HCISD Performing Arts Conservatory growing local talent


Faith Zepeda confidently raised her arms as she felt the pulse of hip-hop and traditional African music fused to create an empowering environment.

She felt the irresistible beat of Gucci Snake, a song Zepeda and other students like her danced to at the HCISD Performing Arts Center this school year.

That’s when HCISD guest artist Reegan Haynes began directing the dancers across the floor inside the dance studio. 

“To have a good, solid foundation as a dancer, you need to be prepared for any style,” Haynes, an AFRO FUZION choreographer, educator and artistic director, said. “I feel like my style really prepares dancers to just be great dancers, no matter what style they decide to pursue as a specialty.”

Preparing students for specialty professions in the arts is exactly the purpose of HCISD’s new Performing Arts Conservatory, a practicum created for this school year for students enrolled in theater and dance classes. Within the conservatory, students are allowed to focus on careers in acting, modeling, and dance.

While the Conservatory offers classes taught by artistic professionals from all across the country, it also now affords similar Master Classes to the public. 

The Conservatory prepares students to enter into theater and dance tracks during college. 

Practicum students go through rigorous training by learning from HCISD guests artists, from costume designers and Broadway actors to vocalists and international choreographers. Students come from their respective campuses to spend the second half of their day gaining experience through curriculum centered around the arts.

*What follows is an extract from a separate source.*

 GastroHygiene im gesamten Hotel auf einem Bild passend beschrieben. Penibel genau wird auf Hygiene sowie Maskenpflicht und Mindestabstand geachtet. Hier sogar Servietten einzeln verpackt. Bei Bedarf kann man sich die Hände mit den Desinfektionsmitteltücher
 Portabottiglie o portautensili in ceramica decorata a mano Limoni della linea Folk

“They’re actually taking ballet, tap, jazz, modern dance,” explained HCISD Fine Arts Coordinator Lee Ann Ince. “The theater track is taking Advanced Acting Methods. Courses that you can’t get at your regular high school campus, you can take here.”

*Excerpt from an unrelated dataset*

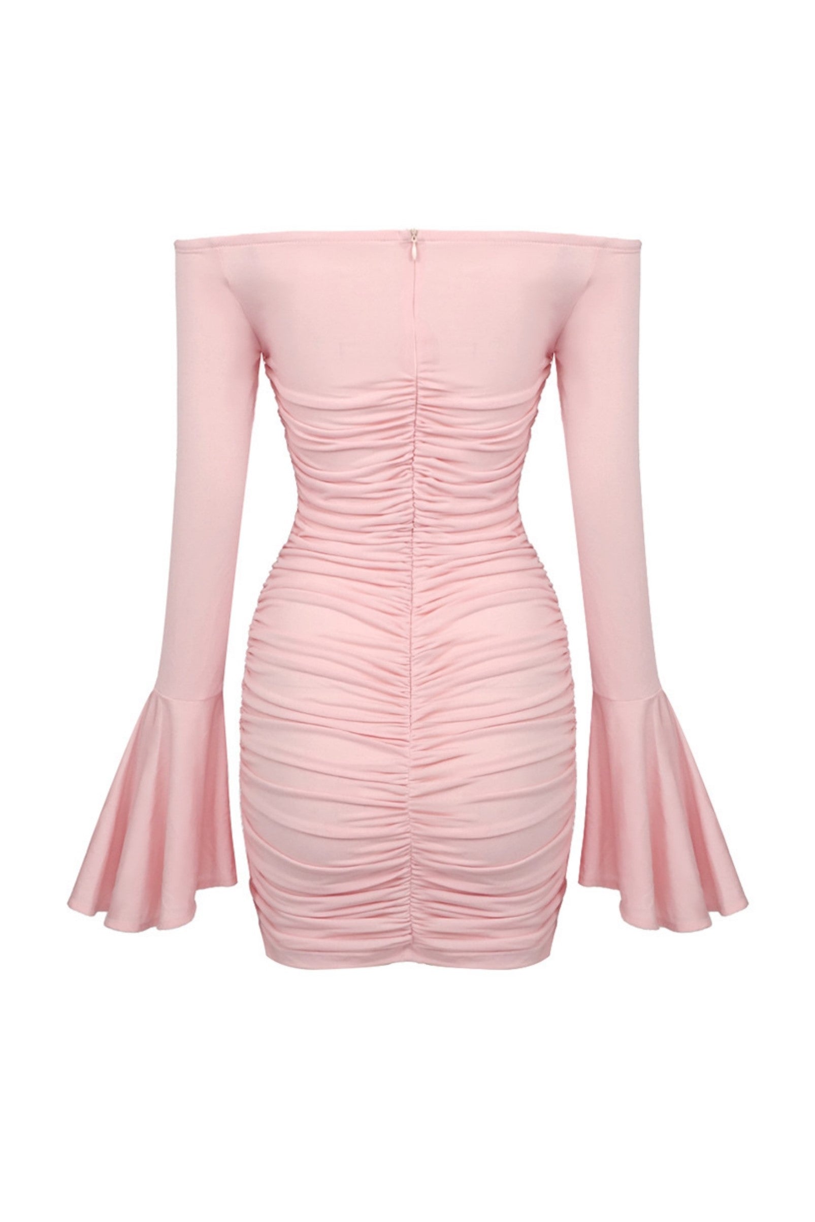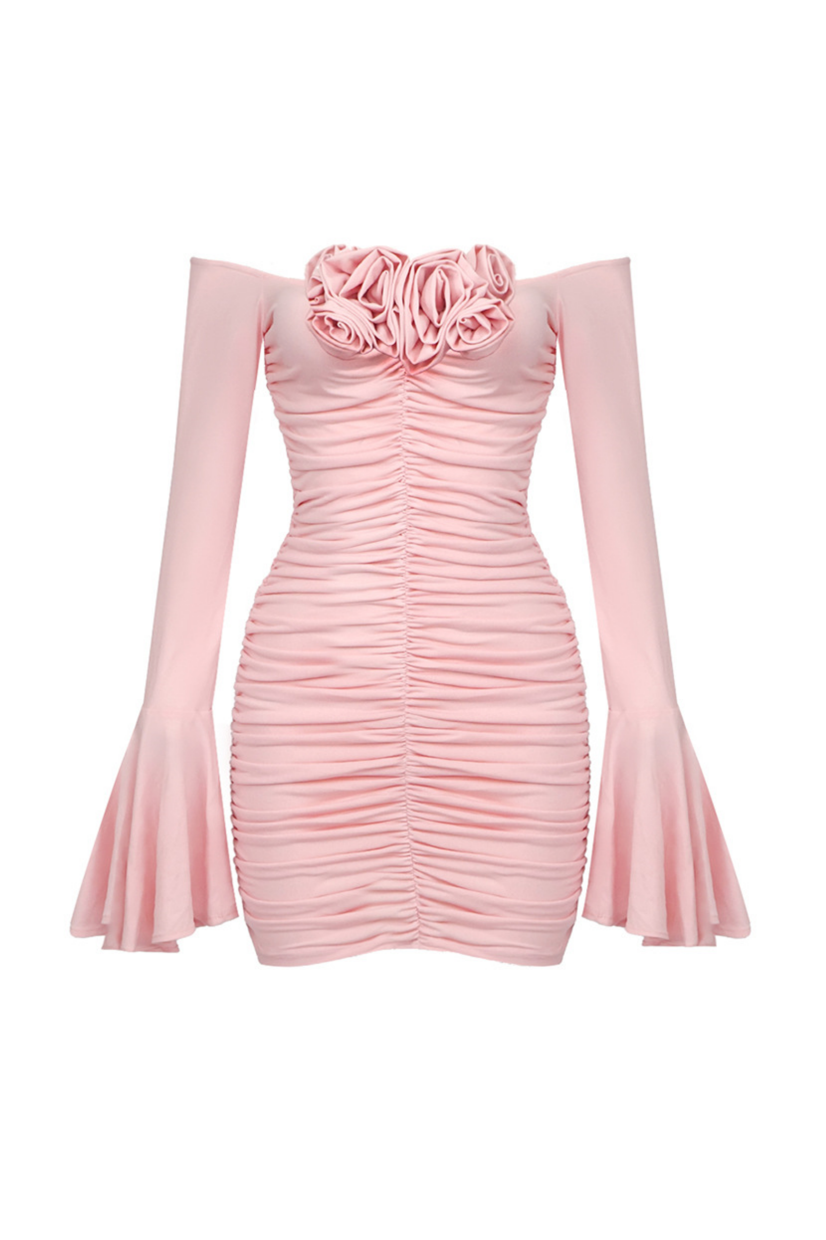 Dress to impress with the Karla Ruched Flower Off Shoulder Mini Dress. The delicate flower detailing and off shoulder design exude elegance and femininity. The ruched fabric adds a touch of sophistication, making this a must-have for any special occasion. Elevate your style with this luxurious dress.

The Conservatory aims to make triple-threats out of its students, coaching them on professional-grade dance, acting and singing.

“We try to have the full package, and they all kind of overlap, because in the industry, you need to be all three,” Ince said.

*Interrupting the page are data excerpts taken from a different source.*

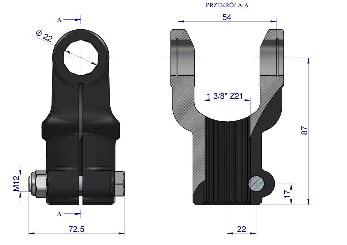 Napisz pierwszą opinię o „Widłak wału skręcany na śrubę 1 3/8 Z21 – 22X54 Seria 1R Waryński [WR217112]”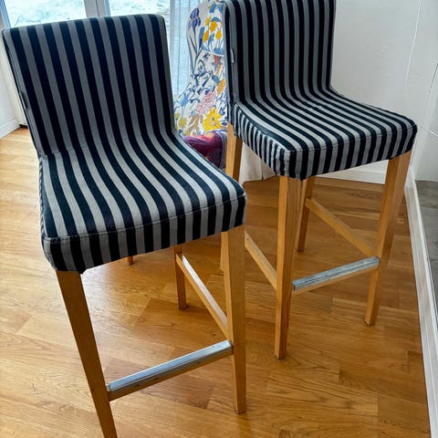 Här finns två stycken barstolar. Färg: svart. Mått ca: 75 cm hög (till sitsen). Pris per st, säljes tillsammans.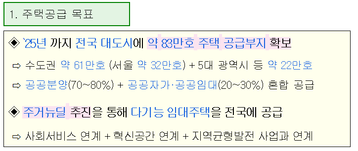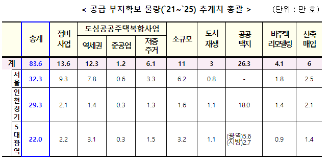 금번 대책을 통해 ‘25년까지 수도권 약 61.6만 호(서울 약 32만 호) 및 지방 약 22만 호 등 “총 83.6만 호 신규 부지”를 확보할 계획입니다.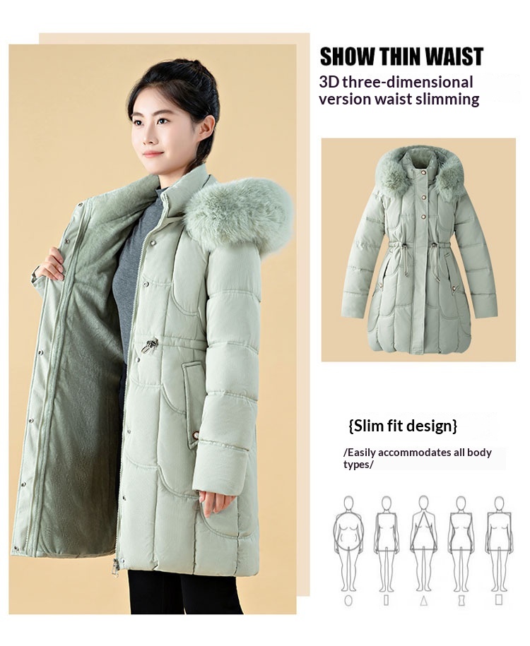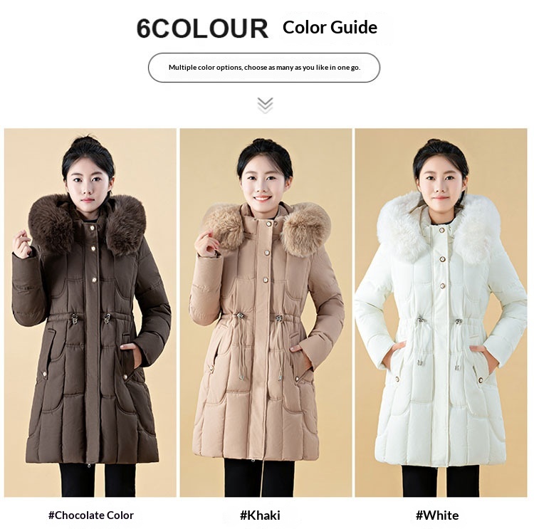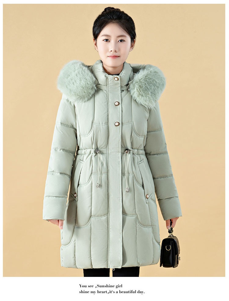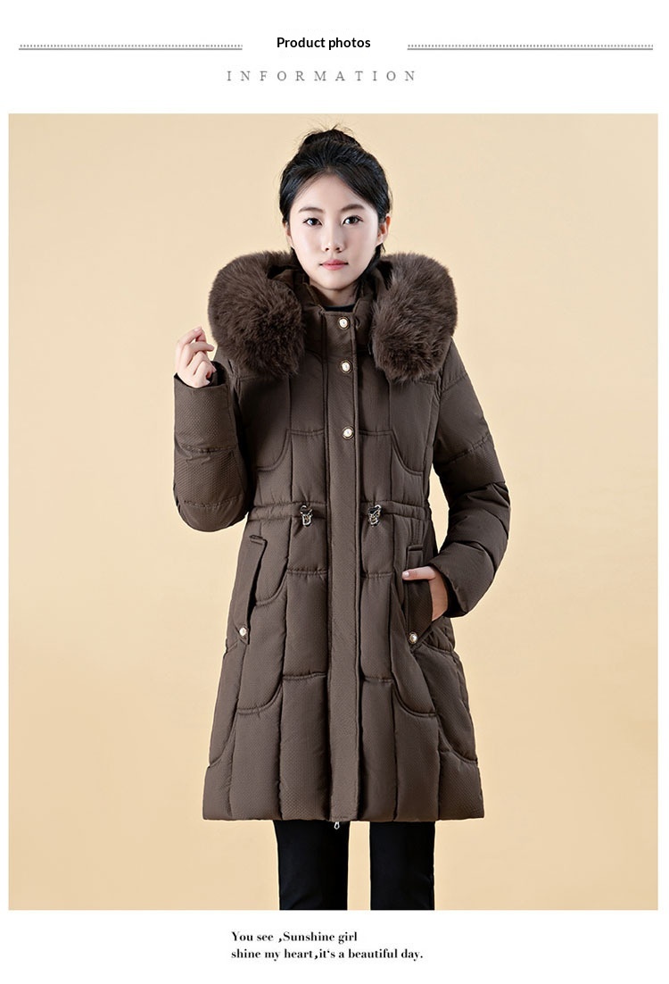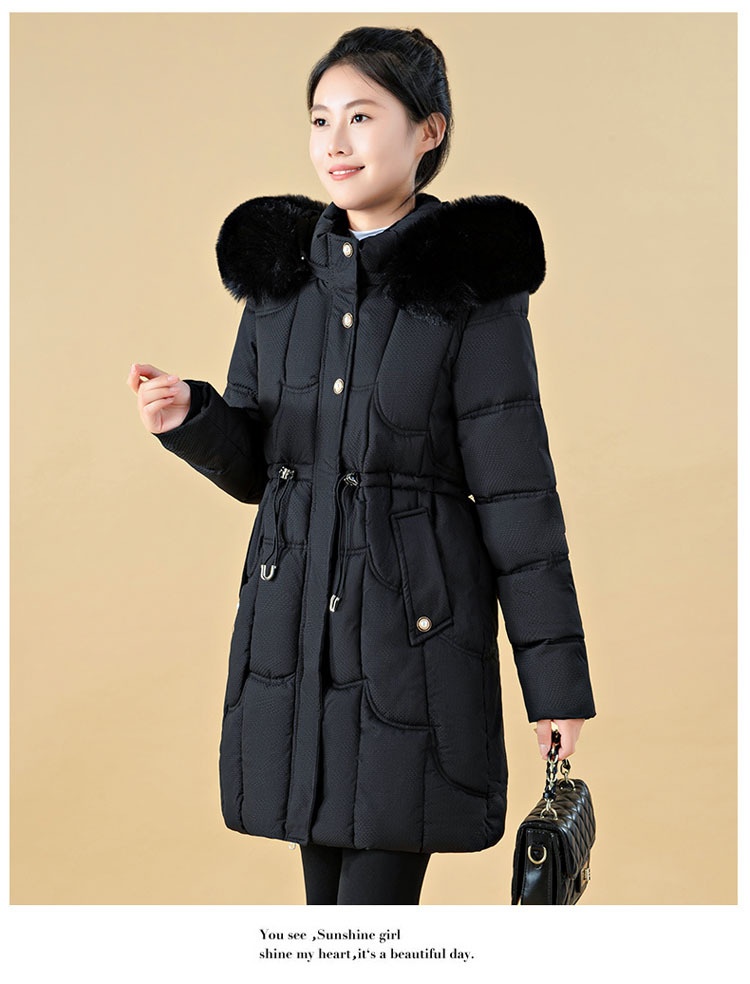 Jachetă de damă cu puf, lungime medie, croială lejeră

This specialized preparation is a unique opportunity for HCISD students.

“The purpose of the Conservatory was to provide students with resources that otherwise wouldn’t be available in this part of the state,” said Assistant Superintendent for Secondary Education Joseph Villareal. “We don’t live near Dallas, Houston, or Austin, where you have theater arts districts and a community, and so we came up with this idea for intensive instruction for these students in the theater arts.”

Unsurprisingly, word about the rare artistic training opportunity spread far beyond HCISD.  

“There’s been a lot of interest from all over Texas, which is very neat — we didn’t expect that,” said Sally Navarro, Harlingen CISD Fine Arts Specialist. 

Along with the Conservatory’s intended purpose, it’s also produced another unexpected outcome: “We’re also giving them self-confidence, and building their self-esteem,” said Navarro. “It’s almost like we’re forming a family.”

In a Master Class this year, America’s Next Top Model winner Jaslene Gonzales taught students how to take headshots, students cheering each other on and clapping, just as they did as their classmates attempted bold dance moves in AFRO FUZION. This attitude has created an environment of mutual support and encouragement for Conservatory students. 

“I think that we started something very special,” Navarro said, a smile spreading across her face. “It’s only going to get bigger and better.”